Entries taken from a collection:

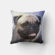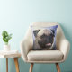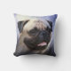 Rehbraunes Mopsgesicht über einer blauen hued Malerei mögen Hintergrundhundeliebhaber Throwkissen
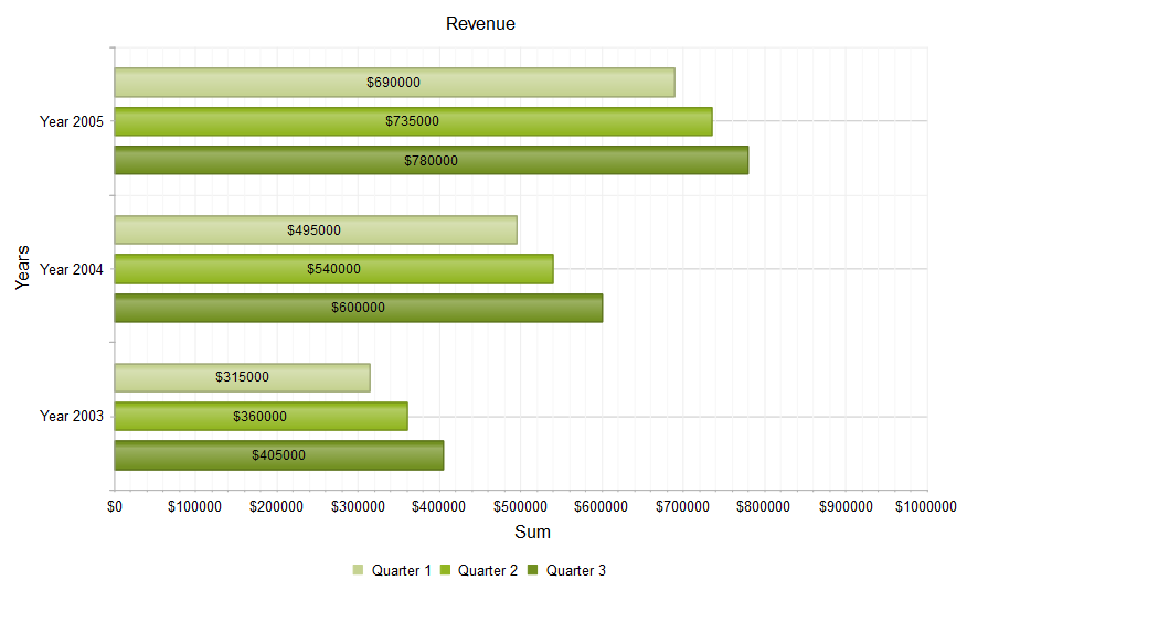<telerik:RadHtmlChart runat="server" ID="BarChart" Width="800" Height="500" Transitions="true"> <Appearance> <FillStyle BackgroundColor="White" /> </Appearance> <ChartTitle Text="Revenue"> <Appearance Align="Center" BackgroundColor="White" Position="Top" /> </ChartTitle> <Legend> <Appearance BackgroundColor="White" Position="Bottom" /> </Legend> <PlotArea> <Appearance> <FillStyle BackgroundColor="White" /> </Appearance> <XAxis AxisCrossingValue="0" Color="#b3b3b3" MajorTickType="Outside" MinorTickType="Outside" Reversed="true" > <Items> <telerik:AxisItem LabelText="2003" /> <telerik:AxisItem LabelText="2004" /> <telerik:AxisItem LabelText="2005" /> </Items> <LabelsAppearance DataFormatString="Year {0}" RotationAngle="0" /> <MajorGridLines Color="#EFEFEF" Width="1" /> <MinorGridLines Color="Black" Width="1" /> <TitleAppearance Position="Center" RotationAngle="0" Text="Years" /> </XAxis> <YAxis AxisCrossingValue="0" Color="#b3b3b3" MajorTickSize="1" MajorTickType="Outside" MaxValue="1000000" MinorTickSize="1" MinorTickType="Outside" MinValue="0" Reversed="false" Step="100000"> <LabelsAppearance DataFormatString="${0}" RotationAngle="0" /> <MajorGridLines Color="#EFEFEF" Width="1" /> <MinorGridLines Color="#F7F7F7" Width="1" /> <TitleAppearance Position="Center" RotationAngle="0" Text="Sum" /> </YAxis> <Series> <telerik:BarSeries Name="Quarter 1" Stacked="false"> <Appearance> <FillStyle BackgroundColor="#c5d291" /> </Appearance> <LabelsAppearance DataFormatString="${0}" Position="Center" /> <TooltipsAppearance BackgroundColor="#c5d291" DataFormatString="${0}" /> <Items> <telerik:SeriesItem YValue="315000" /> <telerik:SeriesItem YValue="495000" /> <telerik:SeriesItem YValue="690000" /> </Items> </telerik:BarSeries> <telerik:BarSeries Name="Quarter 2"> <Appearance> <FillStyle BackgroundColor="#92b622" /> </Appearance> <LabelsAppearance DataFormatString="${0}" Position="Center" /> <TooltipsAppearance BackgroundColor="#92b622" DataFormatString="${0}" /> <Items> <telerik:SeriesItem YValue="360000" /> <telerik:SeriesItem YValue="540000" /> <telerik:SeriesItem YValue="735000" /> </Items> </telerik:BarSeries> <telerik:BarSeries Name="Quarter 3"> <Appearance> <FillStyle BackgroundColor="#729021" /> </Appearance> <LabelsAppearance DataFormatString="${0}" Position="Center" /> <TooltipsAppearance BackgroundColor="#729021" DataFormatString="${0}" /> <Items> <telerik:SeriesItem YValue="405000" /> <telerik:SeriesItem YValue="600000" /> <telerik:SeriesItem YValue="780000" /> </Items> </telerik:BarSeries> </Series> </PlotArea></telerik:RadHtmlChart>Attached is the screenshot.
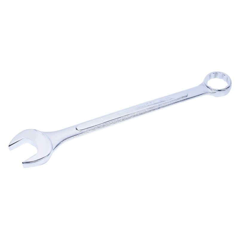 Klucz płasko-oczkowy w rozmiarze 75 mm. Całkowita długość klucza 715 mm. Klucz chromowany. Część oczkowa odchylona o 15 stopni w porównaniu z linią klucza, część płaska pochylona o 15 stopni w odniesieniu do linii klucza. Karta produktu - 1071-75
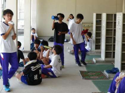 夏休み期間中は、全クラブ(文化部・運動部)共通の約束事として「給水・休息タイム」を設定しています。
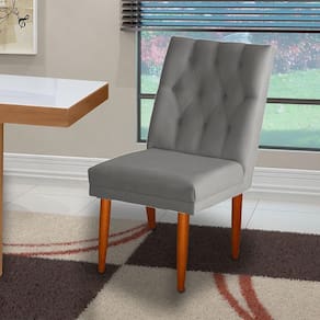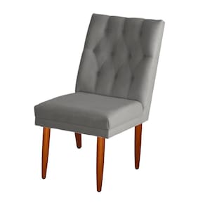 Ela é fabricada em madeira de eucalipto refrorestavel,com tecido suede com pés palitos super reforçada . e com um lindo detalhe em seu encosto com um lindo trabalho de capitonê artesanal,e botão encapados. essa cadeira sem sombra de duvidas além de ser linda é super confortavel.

* _About this exercise_
I'd like every record transcribed exactly, with no pictures carried over.

* _Answer below_
 Rehbraunes Mopsgesicht über einer blauen hued Malerei mögen Hintergrundhundeliebhaber Throwkissen
<telerik:RadHtmlChart runat="server" ID="BarChart" Width="800" Height="500" Transitions="true"> <Appearance> <FillStyle BackgroundColor="White" /> </Appearance> <ChartTitle Text="Revenue"> <Appearance Align="Center" BackgroundColor="White" Position="Top" /> </ChartTitle> <Legend> <Appearance BackgroundColor="White" Position="Bottom" /> </Legend> <PlotArea> <Appearance> <FillStyle BackgroundColor="White" /> </Appearance> <XAxis AxisCrossingValue="0" Color="#b3b3b3" MajorTickType="Outside" MinorTickType="Outside" Reversed="true" > <Items> <telerik:AxisItem LabelText="2003" /> <telerik:AxisItem LabelText="2004" /> <telerik:AxisItem LabelText="2005" /> </Items> <LabelsAppearance DataFormatString="Year {0}" RotationAngle="0" /> <MajorGridLines Color="#EFEFEF" Width="1" /> <MinorGridLines Color="Black" Width="1" /> <TitleAppearance Position="Center" RotationAngle="0" Text="Years" /> </XAxis> <YAxis AxisCrossingValue="0" Color="#b3b3b3" MajorTickSize="1" MajorTickType="Outside" MaxValue="1000000" MinorTickSize="1" MinorTickType="Outside" MinValue="0" Reversed="false" Step="100000"> <LabelsAppearance DataFormatString="${0}" RotationAngle="0" /> <MajorGridLines Color="#EFEFEF" Width="1" /> <MinorGridLines Color="#F7F7F7" Width="1" /> <TitleAppearance Position="Center" RotationAngle="0" Text="Sum" /> </YAxis> <Series> <telerik:BarSeries Name="Quarter 1" Stacked="false"> <Appearance> <FillStyle BackgroundColor="#c5d291" /> </Appearance> <LabelsAppearance DataFormatString="${0}" Position="Center" /> <TooltipsAppearance BackgroundColor="#c5d291" DataFormatString="${0}" /> <Items> <telerik:SeriesItem YValue="315000" /> <telerik:SeriesItem YValue="495000" /> <telerik:SeriesItem YValue="690000" /> </Items> </telerik:BarSeries> <telerik:BarSeries Name="Quarter 2"> <Appearance> <FillStyle BackgroundColor="#92b622" /> </Appearance> <LabelsAppearance DataFormatString="${0}" Position="Center" /> <TooltipsAppearance BackgroundColor="#92b622" DataFormatString="${0}" /> <Items> <telerik:SeriesItem YValue="360000" /> <telerik:SeriesItem YValue="540000" /> <telerik:SeriesItem YValue="735000" /> </Items> </telerik:BarSeries> <telerik:BarSeries Name="Quarter 3"> <Appearance> <FillStyle BackgroundColor="#729021" /> </Appearance> <LabelsAppearance DataFormatString="${0}" Position="Center" /> <TooltipsAppearance BackgroundColor="#729021" DataFormatString="${0}" /> <Items> <telerik:SeriesItem YValue="405000" /> <telerik:SeriesItem YValue="600000" /> <telerik:SeriesItem YValue="780000" /> </Items> </telerik:BarSeries> </Series> </PlotArea></telerik:RadHtmlChart>Attached is the screenshot.
 Klucz płasko-oczkowy w rozmiarze 75 mm. Całkowita długość klucza 715 mm. Klucz chromowany. Część oczkowa odchylona o 15 stopni w porównaniu z linią klucza, część płaska pochylona o 15 stopni w odniesieniu do linii klucza. Karta produktu - 1071-75
 夏休み期間中は、全クラブ(文化部・運動部)共通の約束事として「給水・休息タイム」を設定しています。
 Ela é fabricada em madeira de eucalipto refrorestavel,com tecido suede com pés palitos super reforçada . e com um lindo detalhe em seu encosto com um lindo trabalho de capitonê artesanal,e botão encapados. essa cadeira sem sombra de duvidas além de ser linda é super confortavel.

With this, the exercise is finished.